(Stored data)
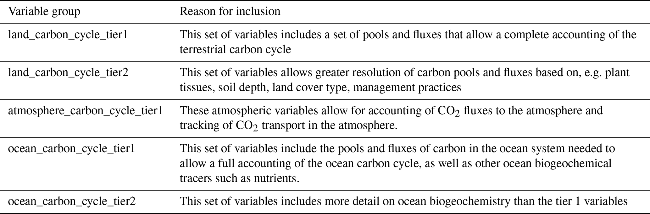 In addition to the land and ocean carbon cycle variables, atmospheric mole fractions of CO2, as well as total fluxes of CO2 between the atmosphere and the land and ocean, are needed to close the global carbon budget, particularly for emissions-driven ESM scenarios.
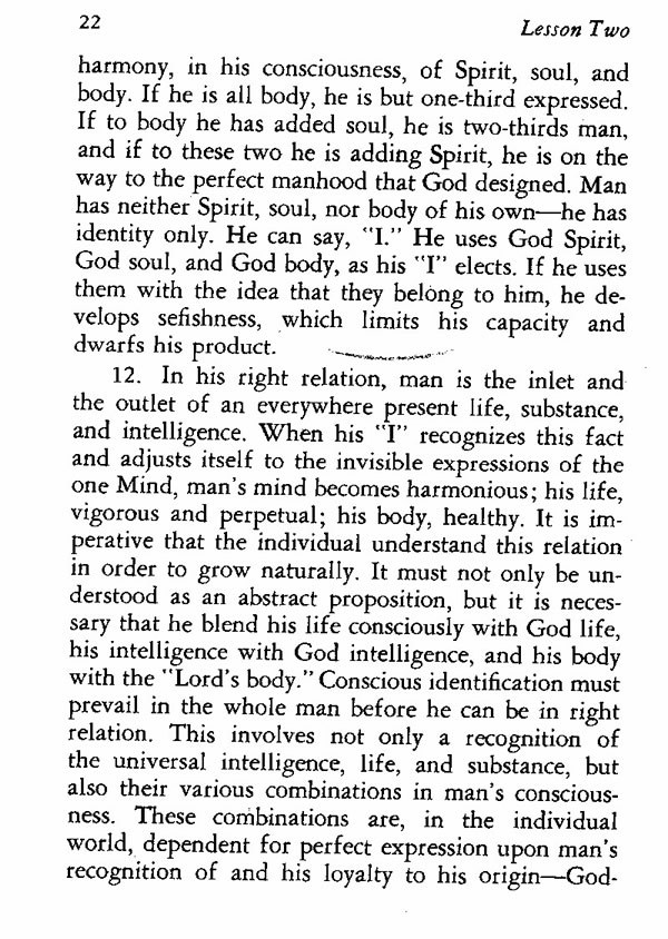 12. In his right relation, man is the inlet and the outlet of an everywhere-present life, substance, and intelligence. When his "I" recognizes this fact and adjusts itself to the invisible expressions of the one Mind, man's mind becomes harmonious; his life, vigorous and perpetual; his body, healthy. It is imperative that the individual understand this relation in order to grow naturally. It must not only be understood as an abstract proposition, but it is necessary that he blend his life consciously with God life, his intelligence with God intelligence, and his body with the "Lord's body." Conscious identification must prevail in the whole man before he can be in right relation. This involves not only a recognition of the universal intelligence, life, and substance, but also their various combinations in man's consciousness. These combinations are, in the individual world, dependent for perfect expression upon man's recognition of and his loyalty to his origin--God-Mind.
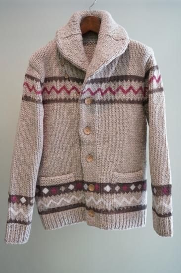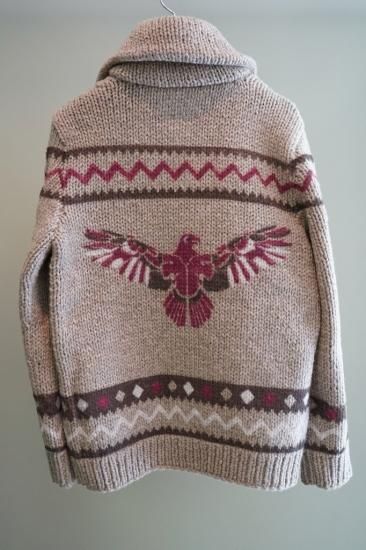 ISAMU KATAYAMA BACKLASH シェトランドウール手編みスプレープリント カウチン(K760-01)
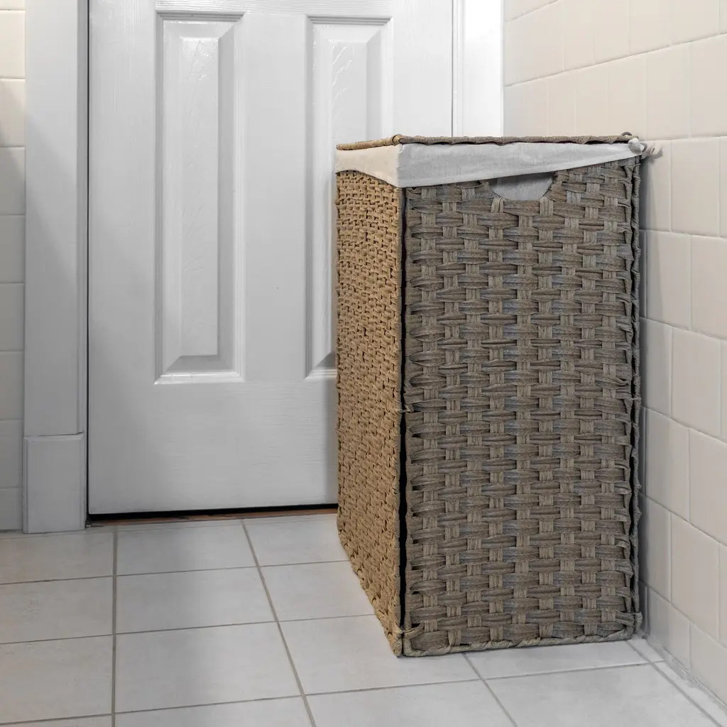 This versatile hamper is made from sturdy synthetic plastic wicker. It measures 16.9"L x 11.8"W x 24"H and comes with a lid and removable liner. We recommend the liner be washed in cold water, gentle cycle and lay flat to dry. The basket folds for easy storage and transport. Perfect for a dorm room, apartment or home. Meant for small spaces. By Trademark Innovations.
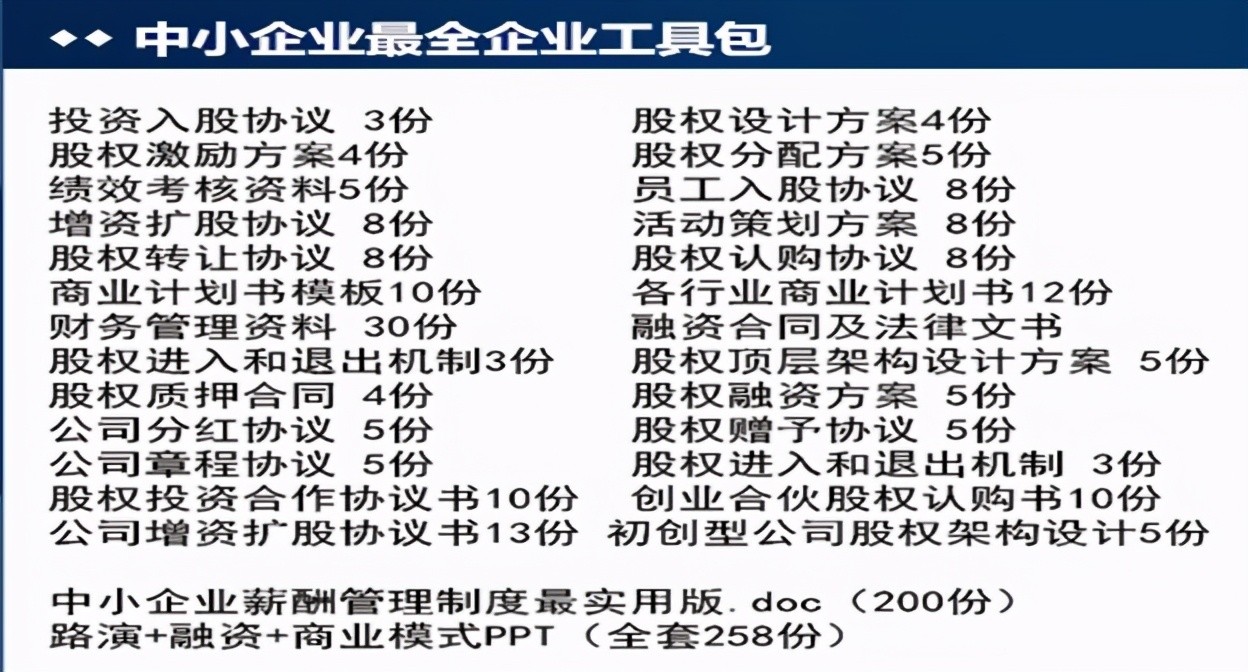 《中小企业最全工具宝》是由我司股权投资专家整理出来的,涵盖公司股权、商业模式、融资方案、内部管理、企业运营、绩效考核等工具资料!
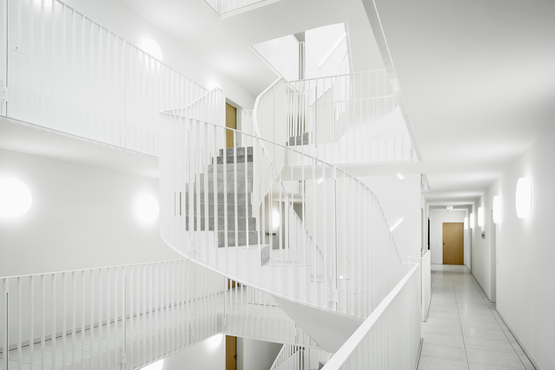 Neben der repräsentativen Treppe im Atrium verfügen die Häuser über einen Aufzug und ein Fluchttreppenhaus mit halbgewendelten Fertigteiltreppenläufen. Die Treppenläufe werden zu den Decken hin mit der »Schöck Tronsole Typ F«, zu den Treppenhauswänden hin mit der »Tronsole Typ Q« aufgelagert. Die Treppe ist dadurch akustisch vom Gebäude entkoppelt. Damit die »Tronsole Typ F« beim Versetzen der Treppen nicht verrutscht, lässt sie sich durch die integrierten Montagekleber passgenau am Fertigteil aufkleben.
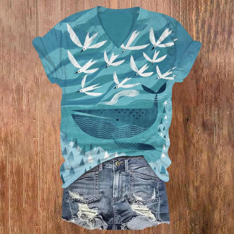 Dashingsoul Geometric Whale And Bird Art Print V-neck T-shirt
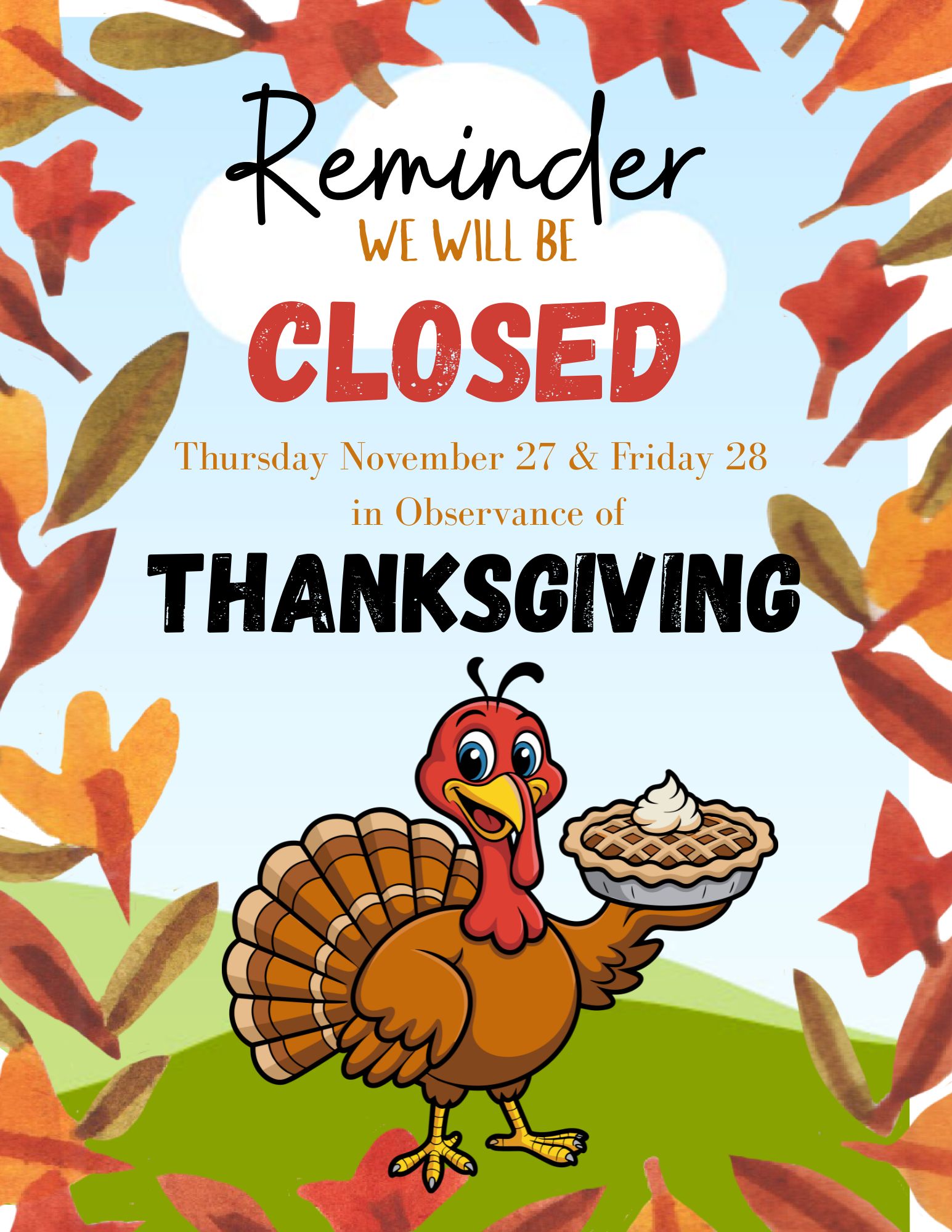 HOME > Reminder that we will be closed on Nov 27 & 28 for Thanksgiving

- _HOW TO COMPLETE THIS TASK_
Find the line containing "ISAMU KATAYAMA BACKLASH" in the records above, then copy it and every line after it exactly, through the last one, without any pictures.

- _TASK OUTPUT_
 ISAMU KATAYAMA BACKLASH シェトランドウール手編みスプレープリント カウチン(K760-01)
 This versatile hamper is made from sturdy synthetic plastic wicker. It measures 16.9"L x 11.8"W x 24"H and comes with a lid and removable liner. We recommend the liner be washed in cold water, gentle cycle and lay flat to dry. The basket folds for easy storage and transport. Perfect for a dorm room, apartment or home. Meant for small spaces. By Trademark Innovations.
 《中小企业最全工具宝》是由我司股权投资专家整理出来的,涵盖公司股权、商业模式、融资方案、内部管理、企业运营、绩效考核等工具资料!
 Neben der repräsentativen Treppe im Atrium verfügen die Häuser über einen Aufzug und ein Fluchttreppenhaus mit halbgewendelten Fertigteiltreppenläufen. Die Treppenläufe werden zu den Decken hin mit der »Schöck Tronsole Typ F«, zu den Treppenhauswänden hin mit der »Tronsole Typ Q« aufgelagert. Die Treppe ist dadurch akustisch vom Gebäude entkoppelt. Damit die »Tronsole Typ F« beim Versetzen der Treppen nicht verrutscht, lässt sie sich durch die integrierten Montagekleber passgenau am Fertigteil aufkleben.
 Dashingsoul Geometric Whale And Bird Art Print V-neck T-shirt
 HOME > Reminder that we will be closed on Nov 27 & 28 for Thanksgiving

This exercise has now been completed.